#### TASK DIRECTIONS:
Copy verbatim the span of lines beginning at the line that contains "为深入学习贯彻党的二十大精神" and ending with the final line of the data. Exclude pictures from the copy.

#### GIVEN DATA:
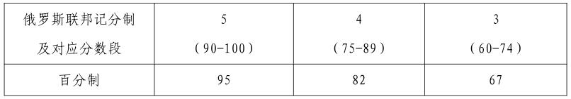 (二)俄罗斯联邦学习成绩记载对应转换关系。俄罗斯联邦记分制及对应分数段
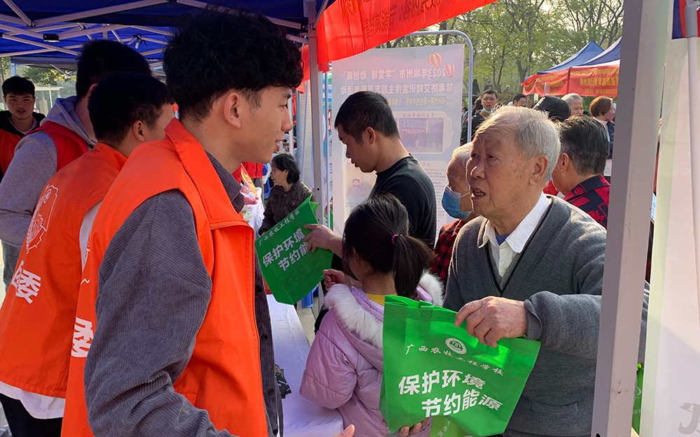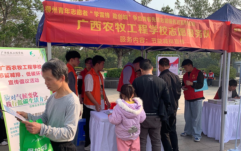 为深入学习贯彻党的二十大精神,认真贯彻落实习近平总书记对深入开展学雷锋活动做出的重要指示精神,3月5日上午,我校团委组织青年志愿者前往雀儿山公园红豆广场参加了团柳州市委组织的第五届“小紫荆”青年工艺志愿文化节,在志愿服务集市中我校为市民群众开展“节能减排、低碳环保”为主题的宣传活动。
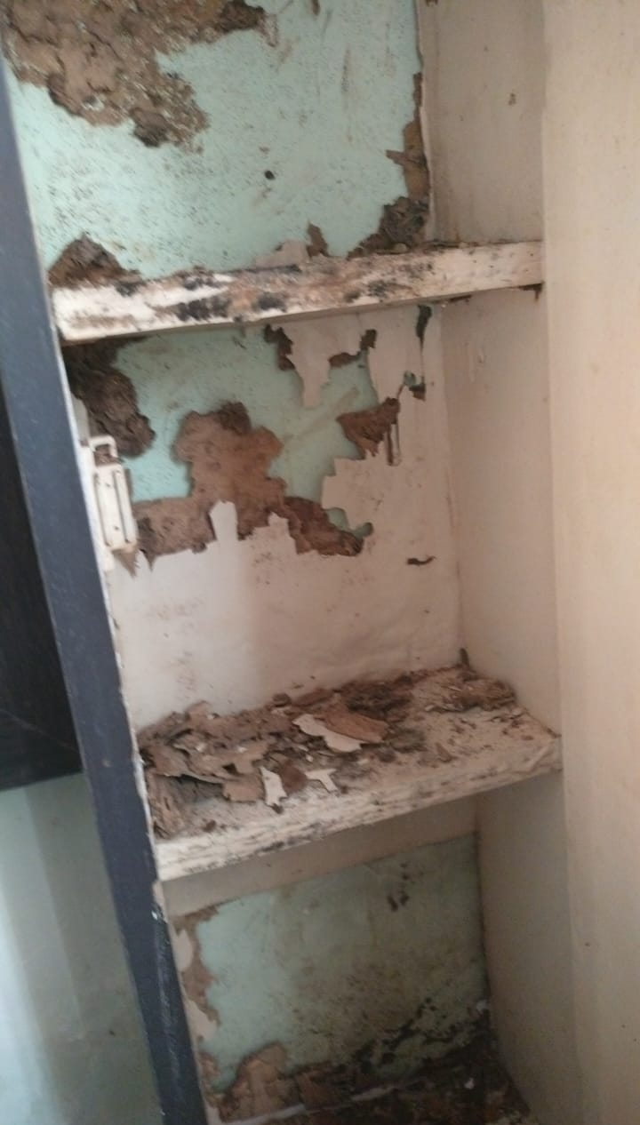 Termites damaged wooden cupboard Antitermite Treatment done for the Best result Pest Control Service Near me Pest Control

#### REPLY TO THE EXERCISE:
 为深入学习贯彻党的二十大精神,认真贯彻落实习近平总书记对深入开展学雷锋活动做出的重要指示精神,3月5日上午,我校团委组织青年志愿者前往雀儿山公园红豆广场参加了团柳州市委组织的第五届“小紫荆”青年工艺志愿文化节,在志愿服务集市中我校为市民群众开展“节能减排、低碳环保”为主题的宣传活动。
 Termites damaged wooden cupboard Antitermite Treatment done for the Best result Pest Control Service Near me Pest Control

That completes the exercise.